In this article, we will look at some of the new issues that have arisen as a result of intellectual property (IP) protection under the international investment law.

What are Intellectual Property Rights?

Intellectual Property Rights (IPR) are the rights that refer to the creation of minds. They typically grant the inventor unique rights to use his or her creation for a specified period.

Some of these rights include:

  • Copyright
  • Patents
  • Trademarks
  • Industrial Designs
  • Geographical indications
  • Trade secrets

What is International Investment Law?

International investment law is the body of law that controls alliances between states and foreign investors.

There is no centralised pact or institution in the international investment law system. There are over 3200 bilateral investment treaties (BITs) and investment chapters in preferential trade agreements in this field of law (collectively referred to here as “investment treaties”). These treaties are augmented by a plethora of investment contracts between government bodies and foreign investors, as well as domestic investment regulations.
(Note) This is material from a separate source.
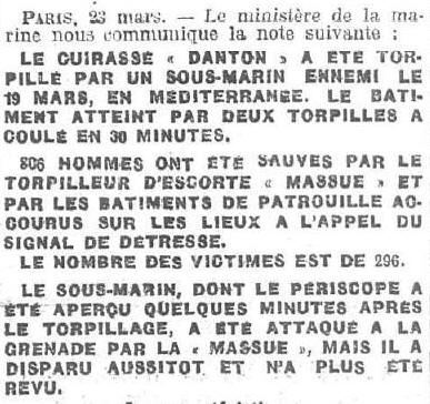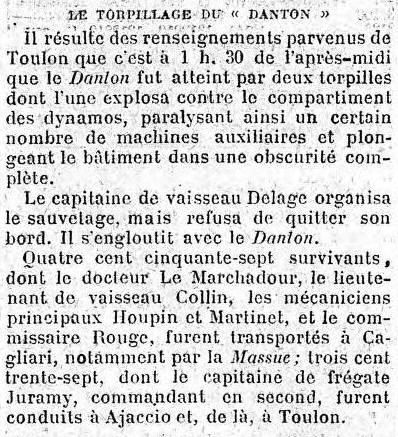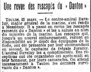 sur le cuirassé "DANTON", il figure parmi les survivants du

Investment treaties seek to attract FDI to enhance economic development by providing certain protections to foreign investors and their investments, including some that go beyond those available to local investors. These may involve responsibilities on the part of the home state not to confiscate property, not to distinguish against the investor, and to treat the investor in a “fair and equitable” fashion. Through a process known as investor-state dispute settlement(ISDS), investment agreements often allow foreign investors to directly bring legal issues against the state government in which their investment is held.

Intellectual property provisions in International Investment Arrangements

  • There are numerous multilateral treaties on IP. 
  • The most well-known is the World Trade Organization (WTO) Agreement on Trade-Related Aspects of Intellectual Property Rights (the TRIPS Agreement), which was reached during the Uruguay Round of trade talks.The TRIPS Agreement sets up basic requirements that WTO members must follow, with a few exceptions. 
  • IP-related provisions are also common in bilateral investment treaties (BITs) and preferential trade and investment treaties (PTIAs).
  • The incorporation of IP-related clauses in BITs and PTIAs highlights the importance of patents, trade secrets, trademarks, copyrights, and other IPRs in international trade relations. It is also a crucial area where fierce bargaining takes place.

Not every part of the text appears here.